Some Eclipse Foundation services are deprecated, or will be soon. Please ensure you've read this important communication.
Bug 288601 - [parser] Lexer grammar parses Integer Dot incorrectly
Summary: [parser] Lexer grammar parses Integer Dot incorrectly
Status: CLOSED FIXED
Alias: None
Product: OCL
Classification: Modeling
Component: Core (show other bugs)
Version: 1.3.0   Edit
Hardware: PC Windows XP
: P3 normal (vote)
Target Milestone: ---   Edit
Assignee: OCL Inbox CLA
QA Contact:
URL:
Whiteboard:
Keywords:
Depends on:
Blocks:
 
Reported: 2009-09-04 03:13 EDT by Ed Willink CLA
Modified: 2011-05-27 02:47 EDT (History)
1 user (show)

See Also:


Attachments
Elimination of parser/lexer workarounds (6.97 KB, patch)
2009-09-04 03:14 EDT, Ed Willink CLA
no flags Details | Diff

Note You need to log in before you can comment on or make changes to this bug.
Description Ed Willink CLA 2009-09-04 03:13:33 EDT
Attached fixes a problem with lexing Integer Dot (and also eliminates the unused octal and hex digit definitions).

The problem is that

"1. "

gets two thirds through "Integer Dot Integer" as a Decimal, but fails to complete so the lexer has no token to return, and returns a token of 0 kind.

This was worked around by special INTEGER_RANGE_START for Integer.. and various NUMERIC_OPERATION for Integer.-> etc.

The attached ensures that Integer Dot produces the INTEGER_LITERAL, DOT token sequence and so removes all the parser grammar workarounds.

[It is now possible to remove start/endOffset since there are no tokens that do not represent sensible ranges.]
Comment 1 Ed Willink CLA 2009-09-04 03:14:48 EDT
Created attachment 146476 [details]
Elimination of parser/lexer workarounds

Try agains
Comment 2 Ed Willink CLA 2009-09-04 03:29:53 EDT
AbstractOCLParser.createRangeStart should also be deleted.
Comment 3 Ed Willink CLA 2009-10-07 16:18:24 EDT
Ping.

This has been waiting for review for over a month.

It is a very simple grammar misunderstanding cleanup.
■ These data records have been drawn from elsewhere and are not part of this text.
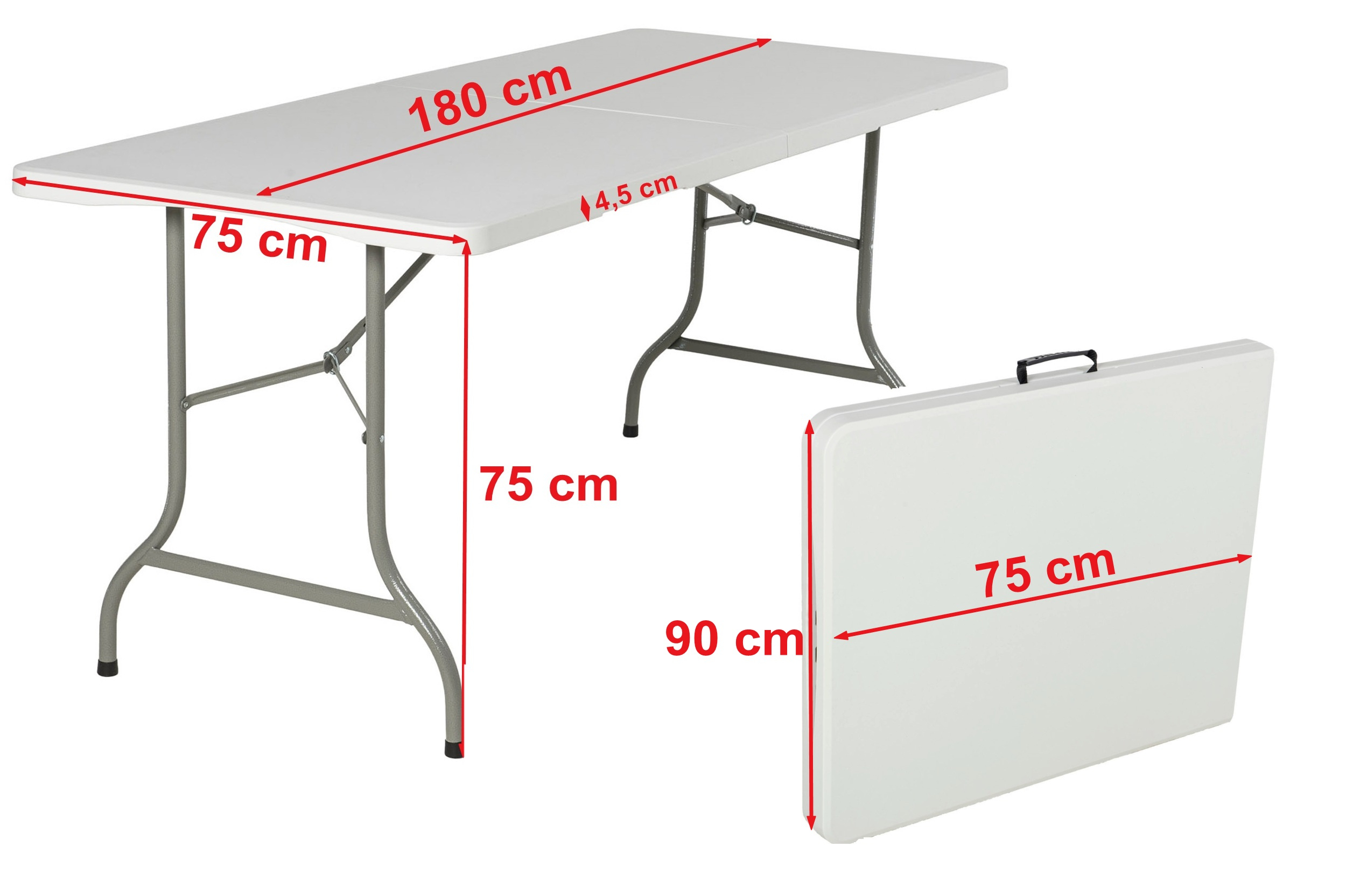 - Składany stół cateringowy 180 x 75 cm z mocnym blatem HDPE w kolorze białym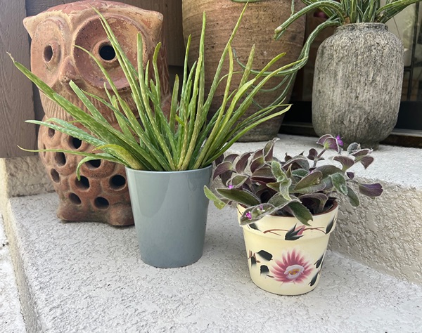 -Aloe Vera in grey pottery (this guy is loaded with aloe Vera plants!)…$20
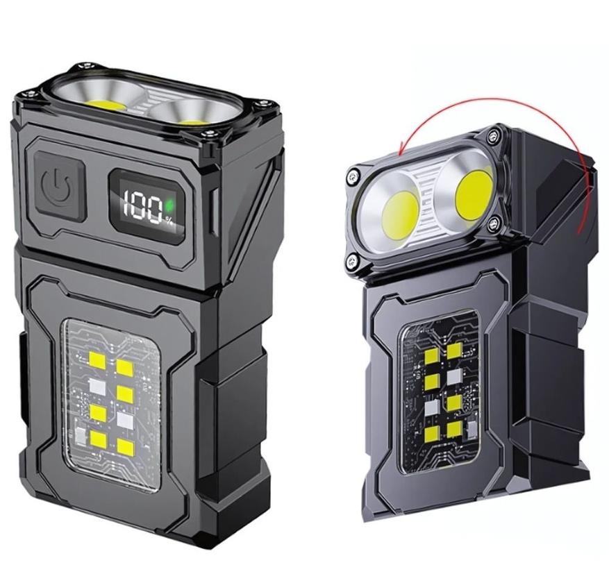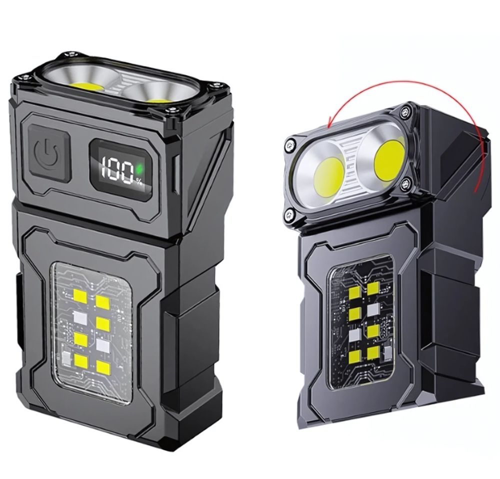 Модифицируемый двойной фонарь с поворотной верхней частью, которая расширяет способы использования данного фонарика в работе и походах. На узкой части XPG светодиод, сбоку — COB матрица. Оснащен магнитом на торце с вращающимся наклонным основанием. Батарейный блок: 2000mAh, пять режимов освещения. Алюминиевый сплав корпуса. Может светить былым и красным светом. Подойдет и в качестве налобника с резиновой лентой из комплекта.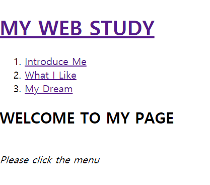 | <h1><a href="index.html">MY WEB STUDY</a></h1> <ol> <li><a href="1.html">Introduce Me</a></li> <li><a href="2.html">What I Like</a></li> <li><a href="3.html">My Dream</a></li> </ol> |
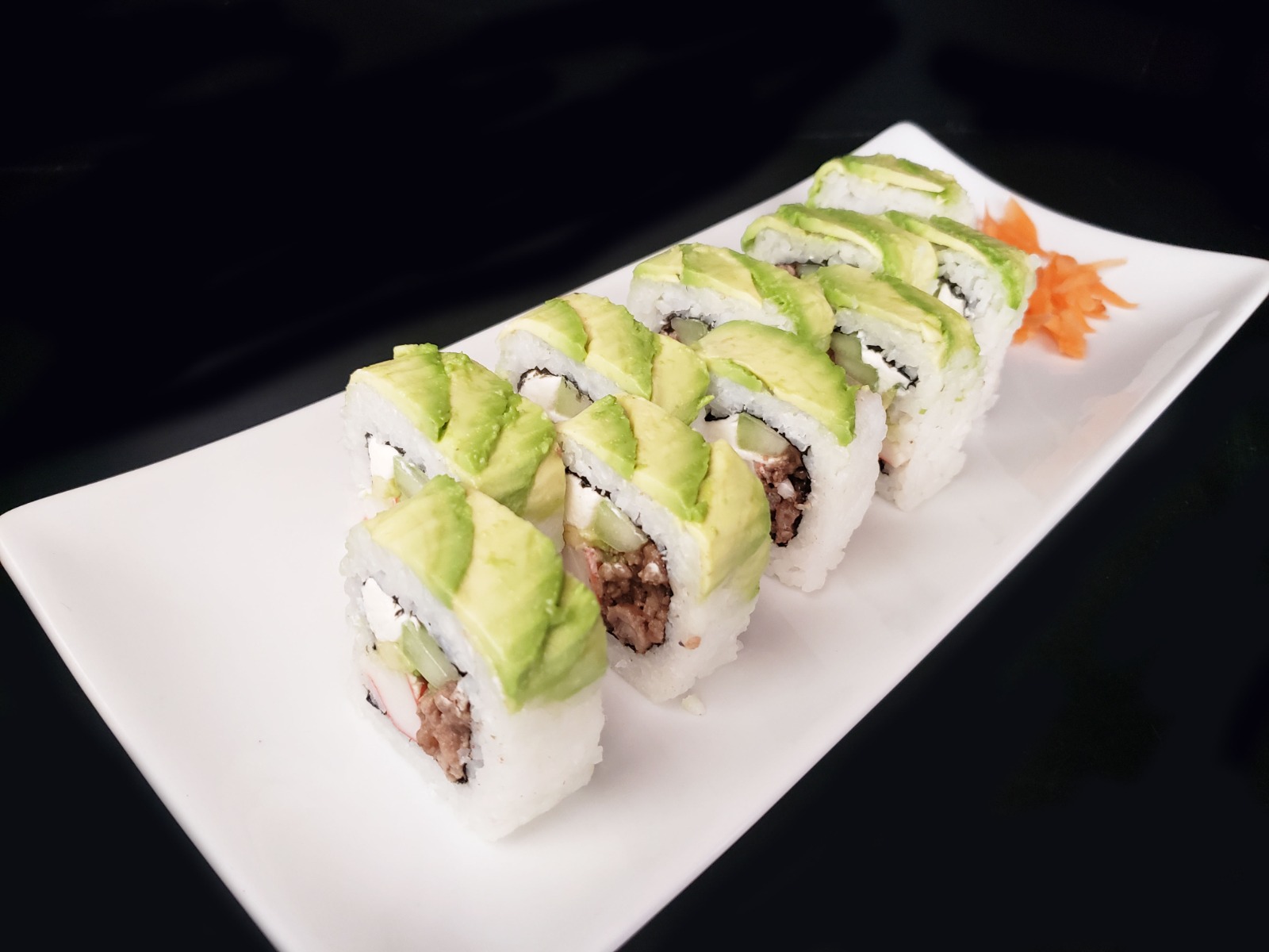 Por dentro philadelphia, aguacate, pepino, cangrejo y res, por fuera envuelto en aguacate.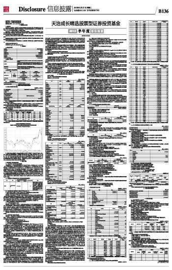 天治成长精选股票型证券投资基金2013半年度报告摘要 2013-08-27 来源:证券时报网 作者: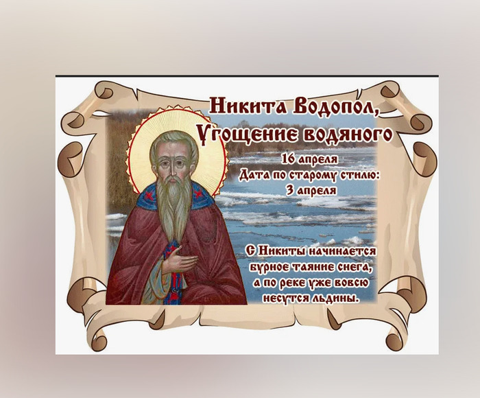 ТЕЛЕГРАММ замедляется.Вероятно скоро его заблокируют.Чтобы не потерять нас и получать оперативно информаци. подпишись на наши каналы в МАХ.Кто еще не подписался В полностью Российской сети МАХ на каналы ВОЕННЫЕ ПЕНСИОНЕРЫ ЗА РОССИЮ И ЕЕ ВООРУЖЕННЫЕ СИЛЫ: Канал для Военных пенсионерах без войны и политики, Военных пенсиях,пенсиях жен военных пенсионеров ,жизни военных пенсионеров и о способах прожить дольше : https://max.ru/voennyepen За Родину .Мы победим.: Оперативная информация О Спецоперации ,политике на канале: https://max.ru/join/aXh9SdoNhgk2rhy901ENolzCyoGLJhMgpon7E6np9n0 СРОЧНО ПОДПИСЫВАЙСЯ и ты будешь в курсе оперативных событий.НЕ пропусти!!! Дата в 2024 году: 16 апреля , вторник Другие названия: Никита Ледолом; День Никиты; Угощение водяного; Никитин день; праздник рыболовов Церковное название: Преподобного Никиты Исповедника, игумена Мидикийского Значение: Почтение памяти святого Никиты Исповедника, настоятеля Мидикийского монастыря Традиции: Задабривание водяного; начало сезона рыбалки Народный праздник Никита Водопол отмечается 16 апреля 2016 года (дата по старому стилю – 3 апреля). В православной церкви в этот день почитают святого Никиту Исповедника, настоятеля Мидикийского монастыря. Название «Водопол» связано с началом ледохода и открытием рыбацкого промыслового сезона. История Святой Никита жил в VIII-IX столетиях. Он родился в Вифинийском городе Кесарии в христианской семье. На восьмой день после рождения остался сиротой. Мать умерла, а отец стал монахом. Мальчика воспитывала бабушка. Она привила ему любовь к православной вере. С юных лет Никиту назначили послушником к затворнику Стефану и отдали на службу в храм. По настоянию своего учителя мальчик отправился в Мидикийский монастырь. Через семь лет службы в той обители Никиту рукоположили в священники. Игумен Никифор увидел святость молодого монаха и передал ему управление монастырем. Свое решение настоятель принял по причине тяжелой и долгой болезни, которая не позволяла ему в полной мере исполнять свои обязанности. После смерти преподобного Никифора монахи единодушно избрали новым настоятелем Никиту. Господь наделил его даром чудотворения. Никита вернул речь глухонемому юноше, изгнал бесов из двух женщин, вернул разум сумасшедшему, совершил много других чудес. Когда пришло смутное время иконоборческой ереси, император позвал к себе многих игуменов, в том числе и Никиту. Правитель хотел привлечь их к раскольничеству. Никита устоял сам и не дал своим братьям совершить грех ереси. За это их бросили в темницу. Вторично настоятеля бросили в заточение после того, как не получилось его обманом заставить смириться с иконоборством. Шесть лет он провел в темнице, где продолжал совершать чудеса. В 824 году Никита умер. Традиции и обряды С 16 апреля начинает активно таять снег. Льдины гуляют по рекам. Поэтому в это время внимательно следят, чтобы паводок не нанес беды своим разливом. Предсказать заранее, насколько поднимется вода, можно по расположению гнезд и кротовых нор. Принято ходить на рыбалку. В этот день просыпается водяной. Считается, что после долгого зимнего сна он в плохом настроении. Поэтому его необходимо задобрить гостинцами. Если этого не сделать, то водяной со злости передавит всю рыбу, оставит рыбаков без улова, а сам уплывет в другое место. С полуночи ему несут вино, водку, хлеб, кашу, курины

It still applies successfully to HEAD.
Comment 4 Adolfo Sanchez-Barbudo Herrera CLA 2009-10-09 05:42:11 EDT
+1.

Trivial: Is there any real need to create a dotToken/dotDotToken ? if so, why not exploiting in the remaining lexer grammar ?

Cheers,
Adolfo.
Comment 5 Alexander Igdalov CLA 2009-10-09 05:56:01 EDT
Ed, your patch is extremely important. Not only does it remove the ugly workarounds but it seems to solve the problem below as well (I didn't check though):

`1. oclIsTypeOf(Integer)` couldn't be parsed since there has been no workaround for numeric operations starting with whitespace.

We seem to have had a problem no one has noticed before. E.g. for any other type:
`true.oclIsTypeOf(Boolean)` and `true. oclIsTypeOf(Boolean)` were both parsed successfully.
But though `1.oclIsTypeOf(Integer)` could be parsed well, its variant with a whitespace before the operation name produced a lexer error.

My +1.
Comment 6 Ed Willink CLA 2009-10-10 07:58:06 EDT
Changes committed to HEAD.

Re: #4 Trivial: Is there any real need to create a dotToken/dotDotToken ? if so, why not exploiting in the remaining lexer grammar ?

There is no dotDotToken; DotDotToken is used as in

	Token ::= IntegerLiteral DotDotToken
		/.$NoAction
		./

The location of the makeAction is slightly unusual because lexer actions cannot produce two tokens from one reduction. Once moved, other reductions get difficult which perhaps explains why the original author resorted to workarounds rather than solving the true problem.
Comment 7 Ed Willink CLA 2009-10-16 03:51:05 EDT
Resolved
Comment 8 Ed Willink CLA 2011-05-27 02:47:54 EDT
Closing after over 18 months in resolved state.